> Exercise instructions: In the records below, repeat exactly the lines between the line holding "Raggiunge un' altezza" and the line holding "Pair dusty lavender", inclusive, and drop the pictures.

> Given records:

-=-=-=-=-

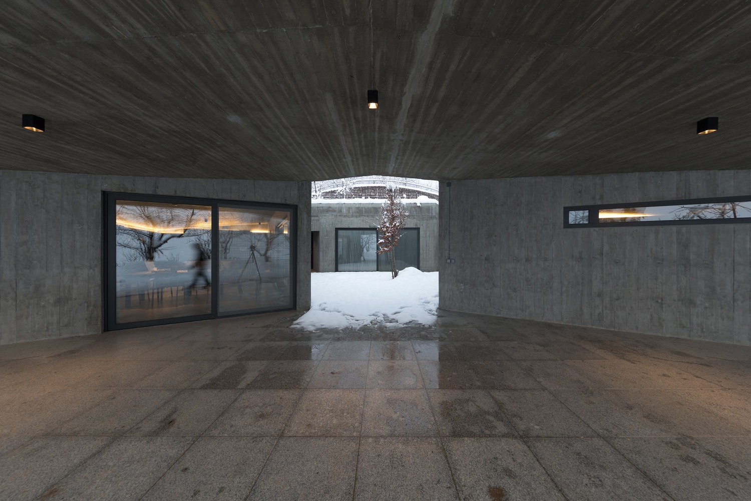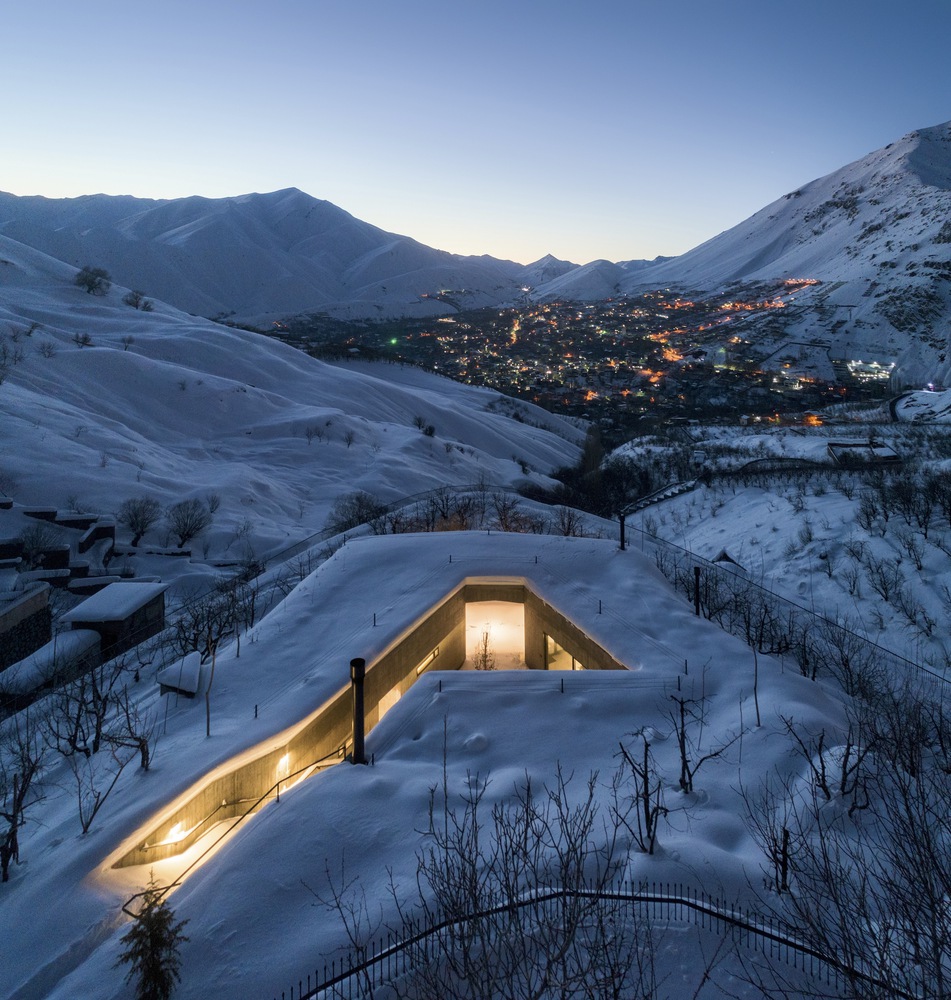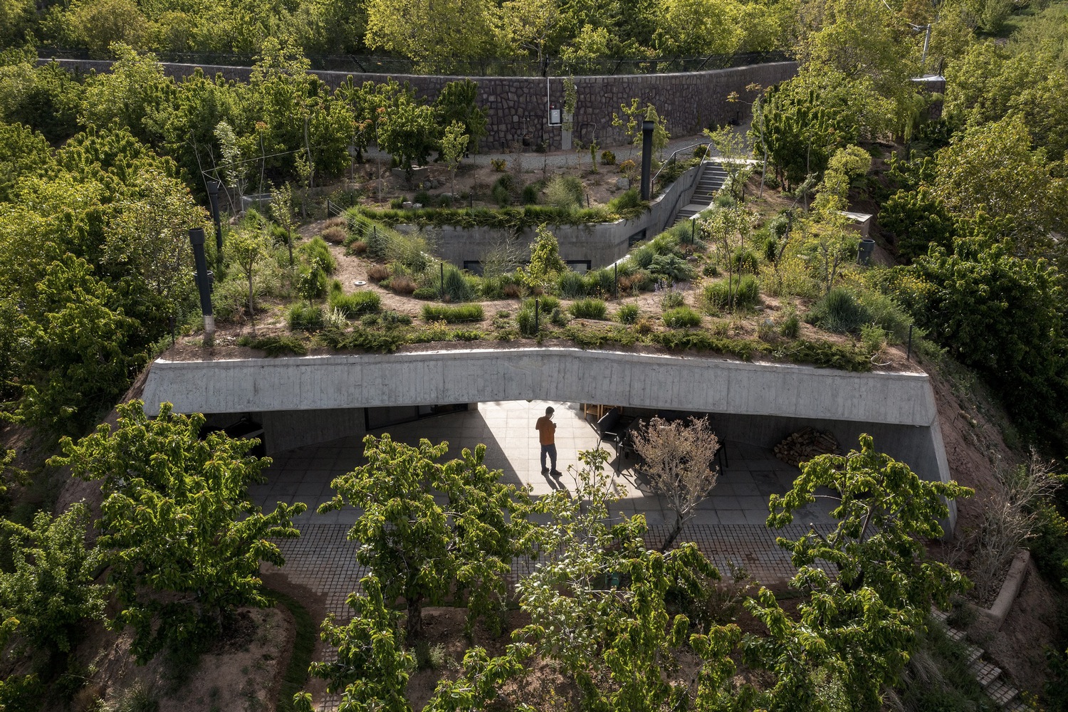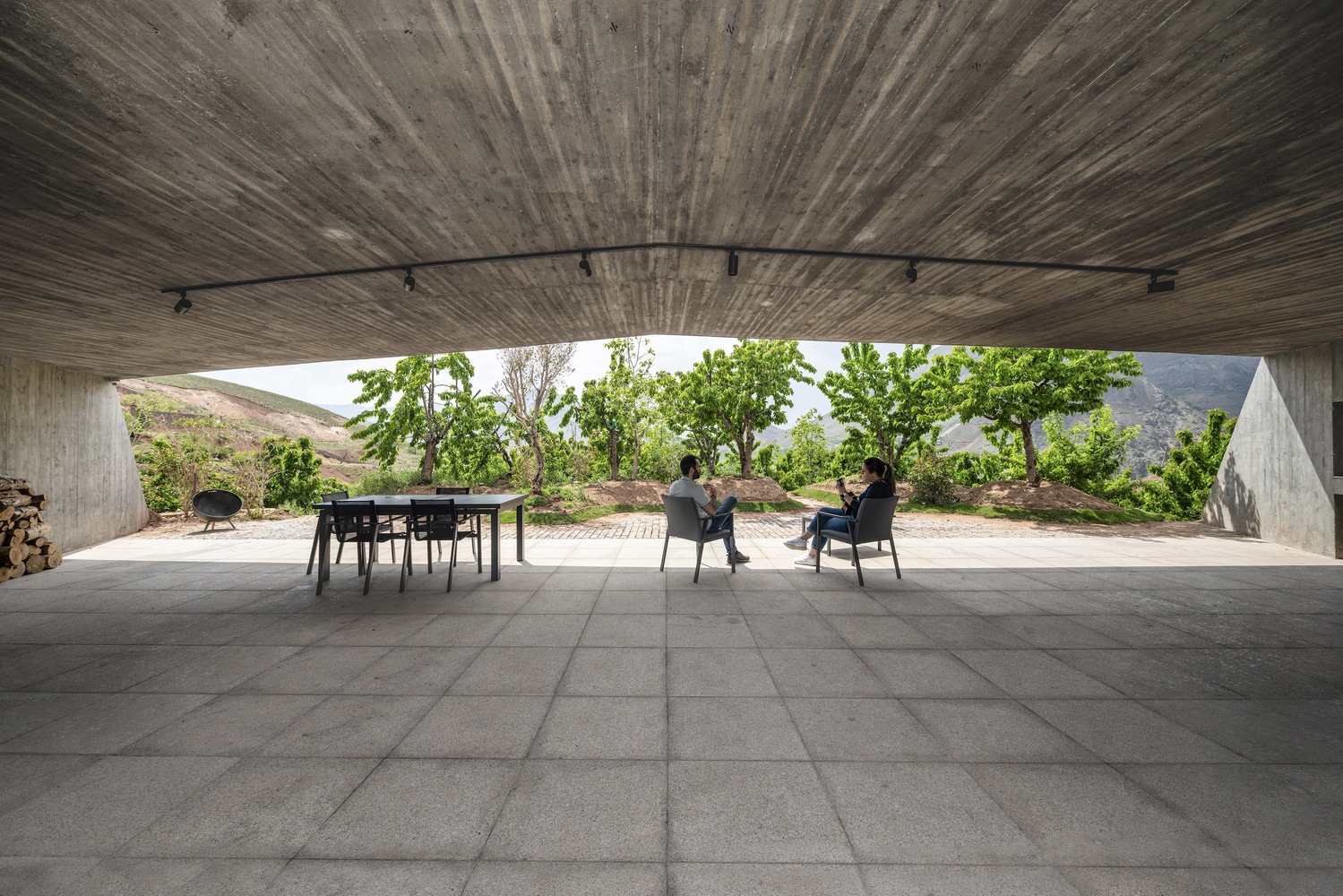 In this Residence, people are allowed to experience another way of collective life that enables them to face more of the nature that has been rejected in the city. Therefore, three separate 70 square meter caves have been dug around a hole in the center of the ground that provides for this accommodation camp's needs.
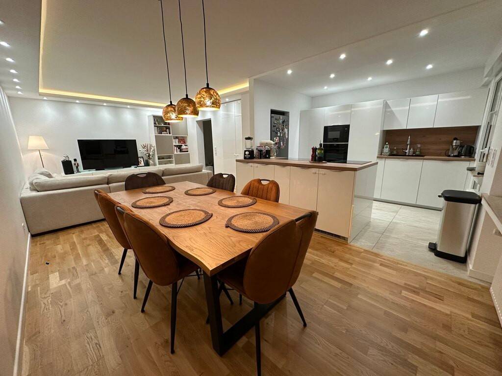 Une grande salle de vie spacieuse et lumineuse donnant sur la salle à manger composée d'une cuisine entièrement équipée desservie sur un balcon,
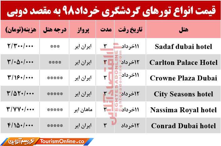 اقتصادآنلاین: قیمت انواع تورهای گردشگری به مقصد دوبی در خرداد۹۸ به شرح جدول زیر است؛
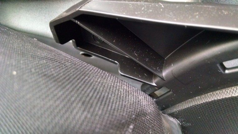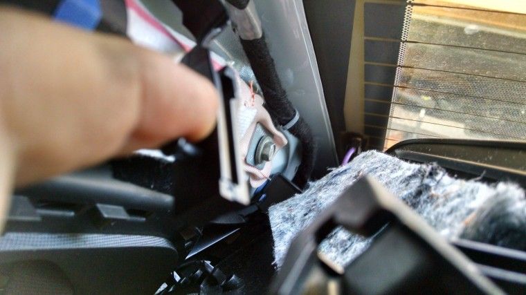 Finally remove the rear deck. Definitely need a buddy for this one. Remove the plastic trim screws that are attached behind where the seat back would rest against. There are 4 of them. Use the trim remover to get them off. Now Crawl under the deck and push the purple/metal clips up while your buddy pulls back and up. It is a real pain but requires some strength and patience to un-budge the felt plastic clips pictured below.
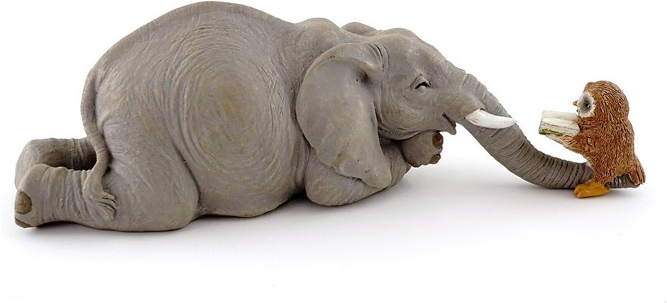 TOP Collection Miniature Garden Elephant Reading Book with Owl, Gray
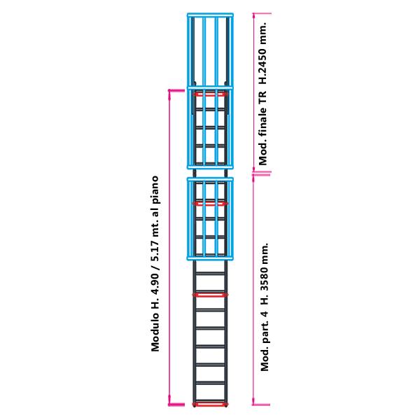Raggiunge un' altezza ideale di metri 3.28 con un corretto angolo di inclinazione di 68° che le permette di mantenere i gradini paralleli al terreno;
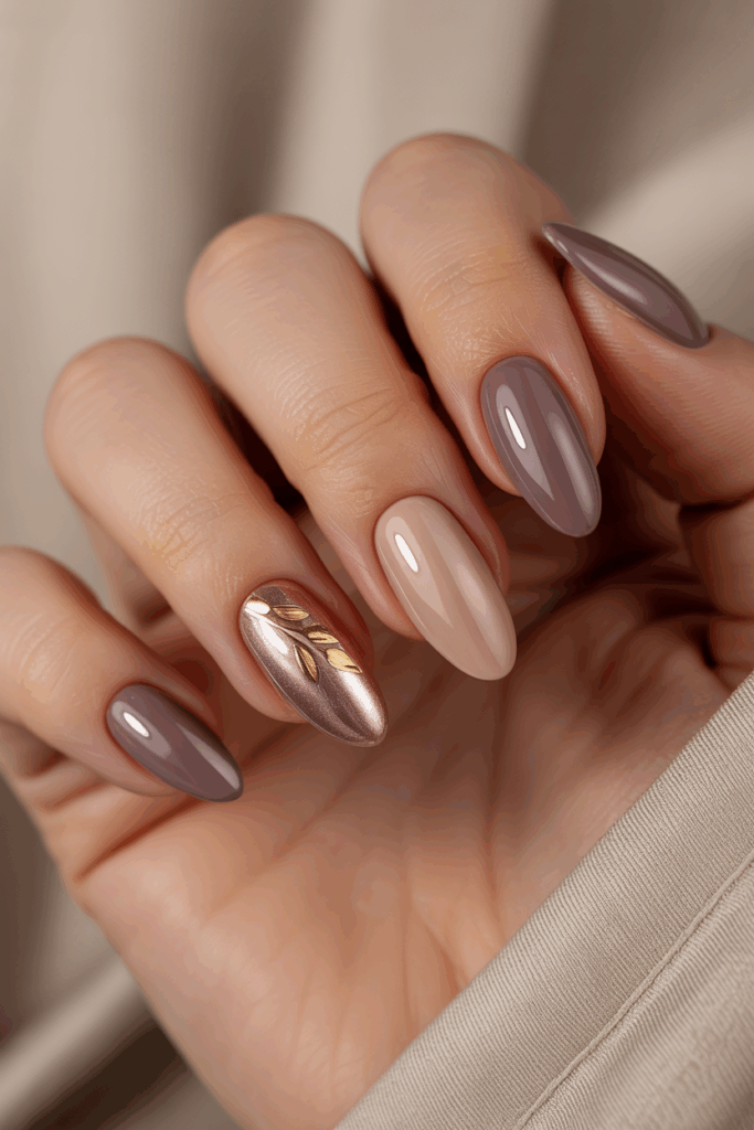 Pair dusty lavender with gray or taupe for a minimalist style, or layer with metallic accents for extra interest. It’s a subtle option for those who prefer lighter nails in autumn.
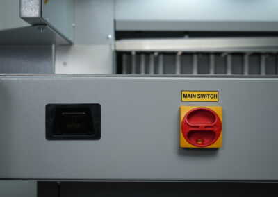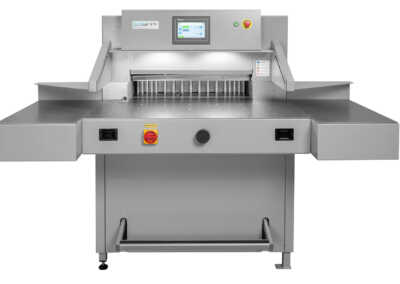 “Najmocniejsza na rynku elektro-mechaniczna krajarka do papieru o szerokości cięcia 73cm. Idealne rozwiązanie do cięcia arkuszy w formacie B2 i mniejszym, a także docinania arkuszy kupowanych w większych formatach (nawet z formatu B1) pod formaty cyfrowe. Sprawdzona konstrukcja na bazie wieloletnich doświadczeń łącząca solidność i możliwie niewielkie gabaryty. Nowoczesny i intuicyjny dotykowy programator, wysokie bezpieczeństwo pracy dzięki zastosowanym zabezpieczeniom. Krajarkę można zainstalować również przez wąskie drzwi oraz w pomieszczeniach z utrudnionym dostępem.”
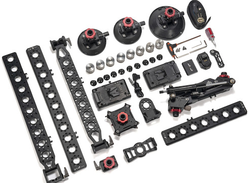 The Tilta Hydra Alien Car Mounting System (Gold Mount) is a multi-configuration car mount for cameras and camera/gimbal combos up to ~13 pounds. Key features include:
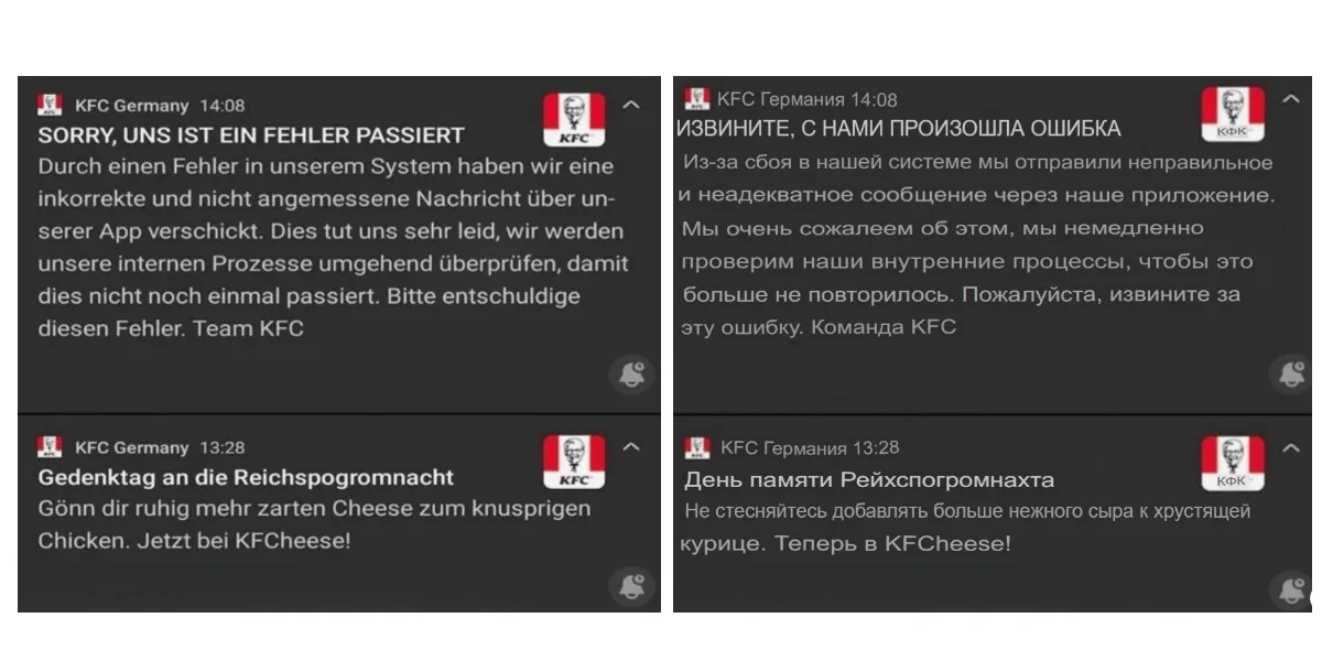 В начале ноября жители Германии получили рассылку, в которой предлагалось отметить годовщину «Хрустальной ночи» сырной курочкой в KFC.
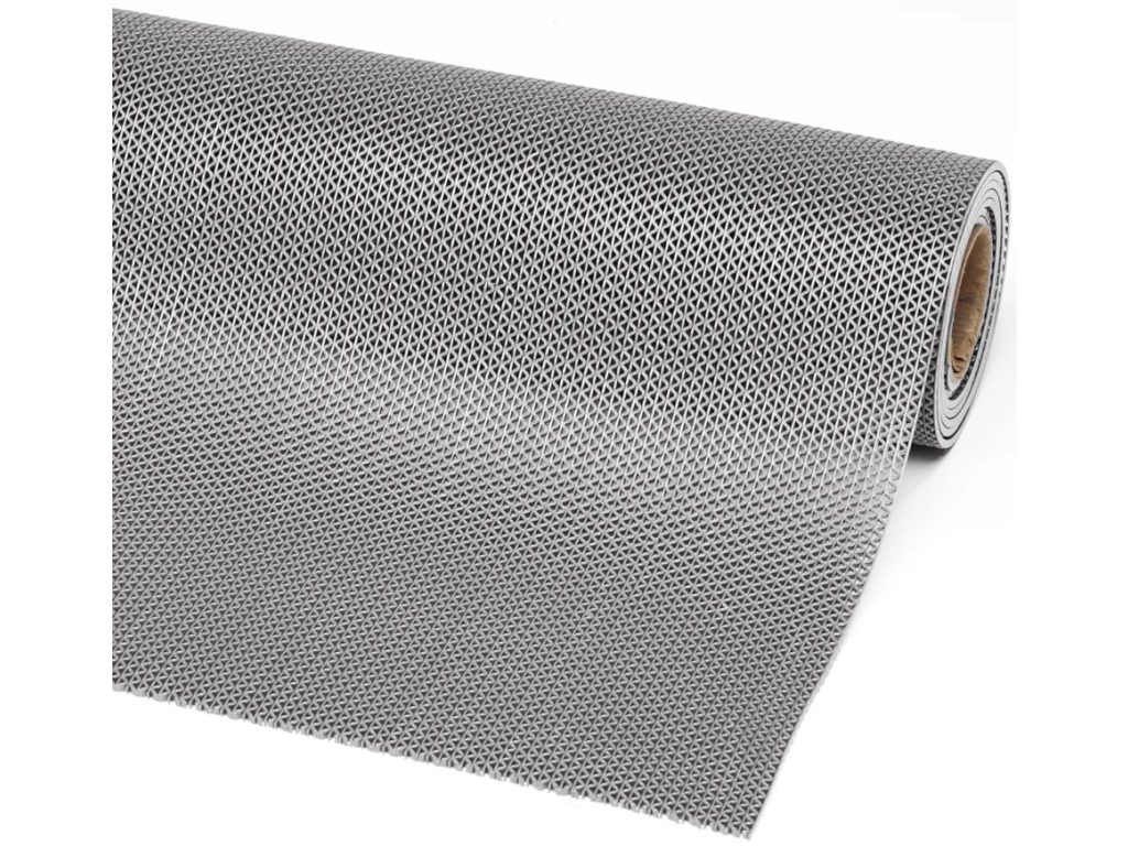 Členitý povrch výrazně zvyšuje bezpečnost chůze na mokrých podlahách. Otevřená struktura zároveň odvádí vodu okamžitě pryč a umožňuje rychlé vyschnutí – žádné nebezpečné kaluže pod nohama ani za nejintenzivnějšího provozu.

-=-=-=-=-

> Result for this task:
Raggiunge un' altezza ideale di metri 3.28 con un corretto angolo di inclinazione di 68° che le permette di mantenere i gradini paralleli al terreno;
 Pair dusty lavender with gray or taupe for a minimalist style, or layer with metallic accents for extra interest. It’s a subtle option for those who prefer lighter nails in autumn.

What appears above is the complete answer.